And if you ever, he’s passed away now, but listen to John MacArthur’s father, Jack MacArthur, Jack MacArthur thinks exactly like we do on every single subject, prophecy, salvation, etc. So John MacArthur didn’t grow up being an advocate of Lordship Salvation. He absorbed the teaching from somebody else, and John MacArthur became the popularizer of Lordship Salvation. Kenneth Gentry is sort of the academic mind behind Lordship Salvation, but I point that out to show you that the two go together. Kingdom now theology and Lordship Salvation are sort of bedfellows, if you will.
One of the things, sadly, that’s happening at Dallas Seminary, and I’ve made many references to this in our series, is the ascendancy of the already-not-yet view of the kingdom. You guys recall me talking about that? Basically, the younger folks there, for the most part, believe that we are in an ‘already’ form of the kingdom. In other words, Jesus is ruling from David’s throne presently in an ‘already’ sense. And one of the things that Zane Hodges points out, a free grace fellow, who is also with the Lord, is the moment that school went in that particular direction, is the moment Lordship Salvation began to take hold at that particular institution. So Hodges writes this. He says, “Regrettably, some published materials written by DTS faculty members confirm my earlier concern. First there was Dr. Darrell Bock’s review …” [Now, Darrell Bock is one of the progenitors of the already-not-yet view of the kingdom]… “of MacArthur’s The Gospel According to Jesus which showed significant confusion on the subject of assurance…” [of salvation]. … “Darrell has told me, both in person and in writing that his position is “soft Lordship Salvation”— [which to me is kind of like being a little bit pregnant; I mean, the moment you add any work to the presentation of the gospel, you can call yourself “soft Lordship Salvation-hard Lordship Salvation.” It doesn’t matter, but you fundamentally altered what the gospel is. The moment you give man any opportunity to do something to gain God’s favor in addition to faith, you fall under the curse, if you will, that the Apostle Paul outlines the anathema of the false gospel in Galatians 1:6-9. But Darrell Bock calls his view “soft lordship,” “a view Hodges says that would have been rejected by the [founder and first] president of Dallas Seminary, Dr. Lewis Sperry Chafer.”
So again, you see this pattern. You’re a little bit into the kingdom, already into the kingdom, and so that affects your soteriology. You start to call yourself ”soft lordship.” It’s just another example of how Lordship Salvation seems to enjoy ascendancy in a climate where the church thinks it’s in the kingdom in any sense. So I want to show you this quote from MacArthur. This is not mishearing something he said on the radio. It’s there in black and white in his book, The Gospel According to Jesus.

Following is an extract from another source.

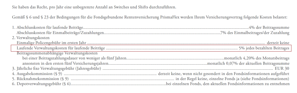 TaurusX Mai 3, 2012 · bearbeitet Mai 3, 2012 von TaurusX Tut mir leid wenn ich vllt. nicht ganz den Ton getroffen hatte, aber ich war etwas angenervt, das hier eine falsche Aussage als Fakt hingestellt wurde , obwohl man es nicht genau weiß. Bitte nicht persönlich nehmen, okay ?! Es gibt vllt. Meinungen, aber die Fakten sind eben das was zählt. Abschlußprovison ist nicht Bestandsprovision, das sind 2 getrennte paar Schuhe. Gängige Courtagetabellen von Maklerpools und Versicherern zeigen das 1-2% BP absolut üblich sind. Hier mal ein Beispiel, das während der Beitragszahlung von jedem Beitrag ! 5% einbehalten werden oder hier : Beides PrismaLife Bedingungen. Diesen Beitrag teilen Link zum Beitrag
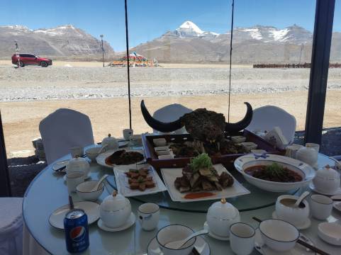 非常好的营地,位置满分,正对冈仁波齐,不出房间就可以看到。清晨和傍晚,坐在阳台上或者躺在床上,就能看到神山的变化,非常幸福。房间设施齐全,可以住四个人,两张大床,只是两个人住超舒服的。早餐比较一般,但是营地有一个川菜馆,味道不错。

And I want to show you that John MacArthur’s promotion of Lordship Salvation, really, when you look at it carefully, is actually related to his attack on Charles Ryrie’s traditional dispensationalism. So MacArthur says this on page 31, The Gospel According to Jesus, “Israel and the Church are separate entities…and in that regard, I view myself a … dispensationalist… There is a tendency, however, for dispensationalists to get carried away with compartmentalizing truth to the point that they make unbiblical differentiations. An almost obsessive desire to categorize and contrast related truths has carried various dispensationalist interpreters [Chafer, Ryrie, Hodges, etc.] far beyond the legitimate distinctions between Israel and the Church. Many would also draw hard lines between,…” [now let me stop reading. Now he’s going to go through all the things that he thinks ought not to be separated. And he thinks if you separate these things, then you are getting carried away with unbiblical ideas, and you’re dominated by an obsessive desire to categorize, when in reality, I don’t think making these distinctions at all is related to getting carried away with unbiblical ideas. It relates to a literal approach to the Bible, and when you engage in a literal approach to the Bible, you start to see distinctions that God has made. So we’re not reading these distinctions into the Bible. We are observing the distinctions that God Himself is pointing out.

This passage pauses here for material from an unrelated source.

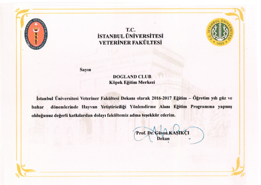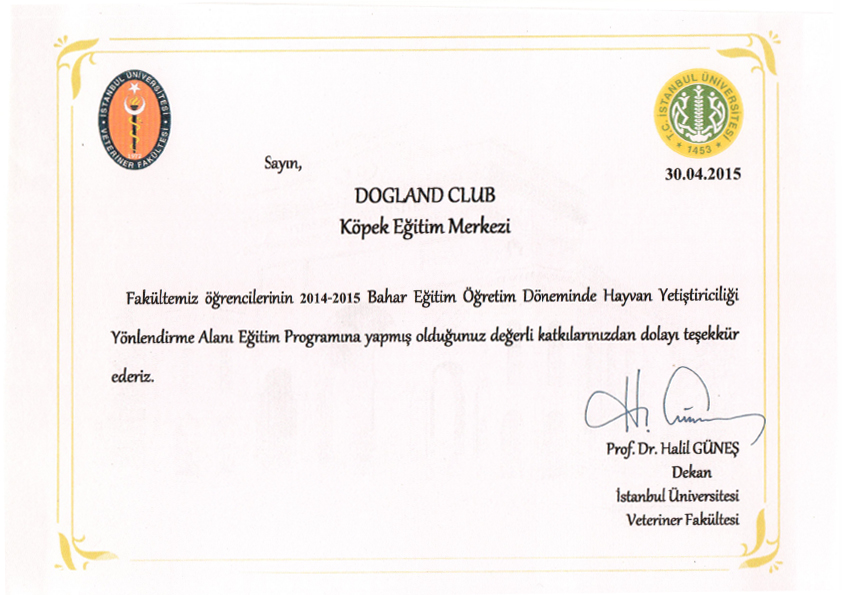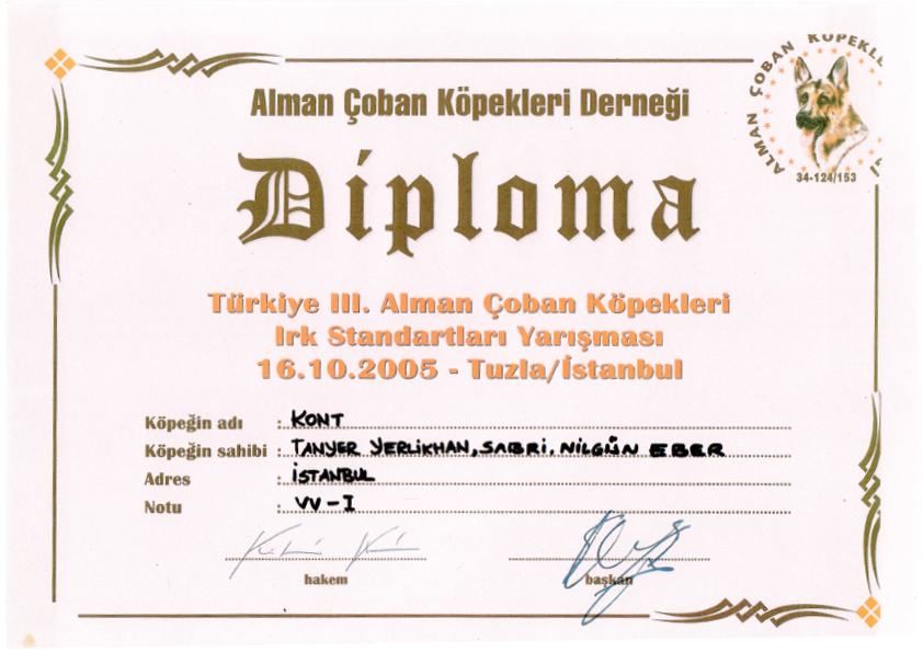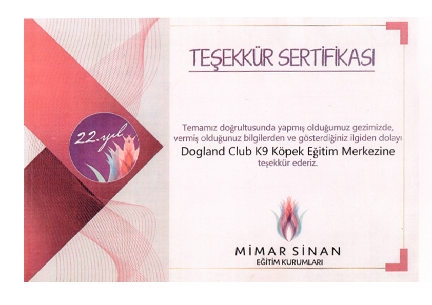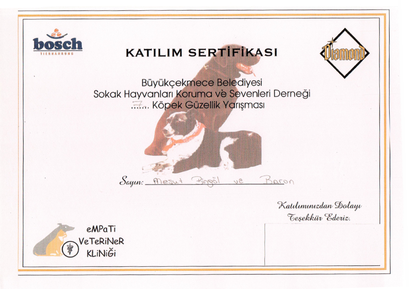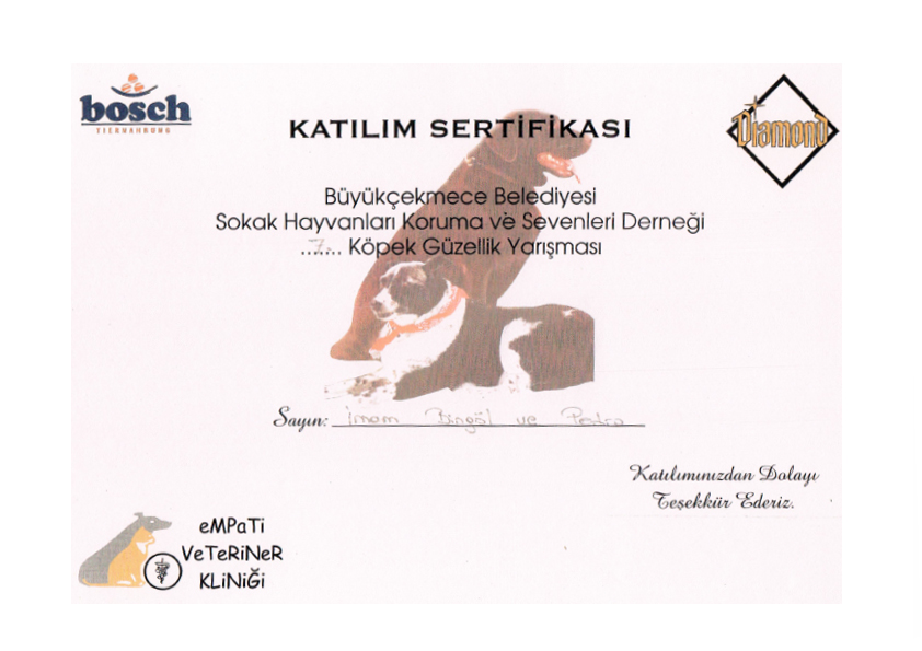Köpek Güzellik Yarışması Katılım Sertifikası

So what are some of these unbiblical hard lines according to MacArthur? ’You should not draw lines’ “between discipleship, salvation and discipleship...” In other words, you don’t draw a distinction between what’s necessary to get saved versus what’s necessary to grow as a Christian. Now, I don’t know how you feel about it, but I think that’s a totally appropriate line to draw. And if you don’t draw that line, you know what you’re going to do to the lost? You’re going to teach them a works-oriented gospel.
If you take commands given to the Christian, ‘Renew your mind; put on the full armor of God, pray without ceasing,’—all these things that are necessary for us to grow, and you hold those out to the lost as a condition to be justified, and you don’t know how to rightly divide God’s Word in that sense, you just preached a works-oriented gospel.
So you’ll notice that this whole Lordship Salvation thing comes from John MacArthur’s willingness to see key distinctions in the Bible.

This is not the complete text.